L'altro sollevò lo sguardo, azzurro e verde fusi assieme, la stessa essenza.
«Mi hai lasciato.» sussurrò, l'intero corpo indolenzito, la testa che vorticava pericolosamente.
«Non l'ho mai fatto, ero solo... arrabbiato con te.» confessò, guardandolo con dolcezza. E così, questa era la sua paura? Si era ridotto così, per lui?
«Sei uno stronzo.»

«Buon compleanno, Mihael.» mormorò d'un tratto, alzandosi soltanto per aprire il frigo ed estrarre una torta interamente glassata al cioccolato fondente.
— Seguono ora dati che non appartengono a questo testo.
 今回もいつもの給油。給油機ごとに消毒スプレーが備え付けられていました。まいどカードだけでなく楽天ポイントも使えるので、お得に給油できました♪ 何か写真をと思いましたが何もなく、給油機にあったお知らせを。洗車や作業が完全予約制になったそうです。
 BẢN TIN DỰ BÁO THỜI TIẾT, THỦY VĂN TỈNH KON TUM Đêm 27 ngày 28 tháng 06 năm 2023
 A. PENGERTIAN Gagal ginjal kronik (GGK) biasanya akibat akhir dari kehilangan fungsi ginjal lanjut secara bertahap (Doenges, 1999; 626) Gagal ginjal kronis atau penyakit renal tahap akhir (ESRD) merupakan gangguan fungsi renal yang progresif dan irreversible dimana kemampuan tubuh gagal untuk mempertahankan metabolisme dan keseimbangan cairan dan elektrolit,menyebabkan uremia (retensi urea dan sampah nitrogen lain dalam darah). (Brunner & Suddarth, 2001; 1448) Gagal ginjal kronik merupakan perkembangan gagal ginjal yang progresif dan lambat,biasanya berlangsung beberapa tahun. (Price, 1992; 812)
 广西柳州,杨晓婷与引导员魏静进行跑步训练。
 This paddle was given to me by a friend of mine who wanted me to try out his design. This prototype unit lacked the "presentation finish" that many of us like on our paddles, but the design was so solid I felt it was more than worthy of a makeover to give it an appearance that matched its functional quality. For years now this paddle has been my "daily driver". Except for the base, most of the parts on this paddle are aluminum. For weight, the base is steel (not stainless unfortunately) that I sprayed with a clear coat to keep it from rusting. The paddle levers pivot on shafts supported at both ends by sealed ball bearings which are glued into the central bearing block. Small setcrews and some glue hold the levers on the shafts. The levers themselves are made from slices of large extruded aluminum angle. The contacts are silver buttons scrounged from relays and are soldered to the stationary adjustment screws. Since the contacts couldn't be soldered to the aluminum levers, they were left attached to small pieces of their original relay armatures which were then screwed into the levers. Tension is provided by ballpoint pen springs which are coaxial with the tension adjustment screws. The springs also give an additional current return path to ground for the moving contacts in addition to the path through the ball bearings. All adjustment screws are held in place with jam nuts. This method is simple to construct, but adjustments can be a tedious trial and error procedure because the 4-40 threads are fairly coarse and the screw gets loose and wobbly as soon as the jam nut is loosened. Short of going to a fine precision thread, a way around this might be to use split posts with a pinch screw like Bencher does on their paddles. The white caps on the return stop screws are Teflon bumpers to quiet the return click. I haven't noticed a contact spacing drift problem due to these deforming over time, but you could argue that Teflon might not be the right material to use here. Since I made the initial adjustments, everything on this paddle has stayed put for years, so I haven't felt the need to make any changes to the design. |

In basso a destra, inoltre, almeno una decina di barrette della qualità preferita del biondo.
«Abbiamo ancora qualche ora per festeggiare.» continuò, prima di prendere anche due piatti in plastica che aveva provveduto a comprare prima di tornare a casa.
Non si sarebbe mai dimenticato quel giorno così speciale. «Se... vuoi.»
Mihael lo guardò per un tempo indefinito, tanto da indurre Mail a credere di avere, per l'ennesima volta, sbagliato qualcosa.
Quando, però, si sporse fino a far combaciare le sue labbra su quelle dell'altro, si ricredette.
Gli era mancato tutto ciò, dannazione se gli era mancato.
La tempesta era finalmente finita.
«Voglio, con te.» rispose, tra un contatto e l'altro. «Dov'è il mio regalo?»
Scoppiarono entrambi in una risata limpida, priva di qualsiasi malumore.
Quello, sarebbe stato senza ombra di dubbio il compleanno più bello della sua vita, nonostante tutto.
Mail lo accettava così com'era, incluso il suo pessimo carattere, le sue tendenze folli e incomprensibili per tutti gli altri.
Andava bene così, tuttavia.
Non aveva bisogno di nessuno, né di Near, se aveva Matt con sé.
Quello era l'unico mondo che desideravano, l'unico per cui avrebbero combattuto, per cui sarebbero perfino morti.



N.d.A:
Ciao a tutti, sono leggermente in ritardo, sì, ma ci tenevo veramente tanto a pubblicare qualcosa per il compleanno di Mello, uno dei miei personaggi preferiti in assoluto.
Spero, con questo, di essere riuscita a trasmettere le stesse sensazioni che ho percepito io e di essere riuscita a mettere insieme qualcosa di decente ed apprezzabile. Come sempre, è una OS senza pretese.
Spero vi possa piacere. Alla prossima!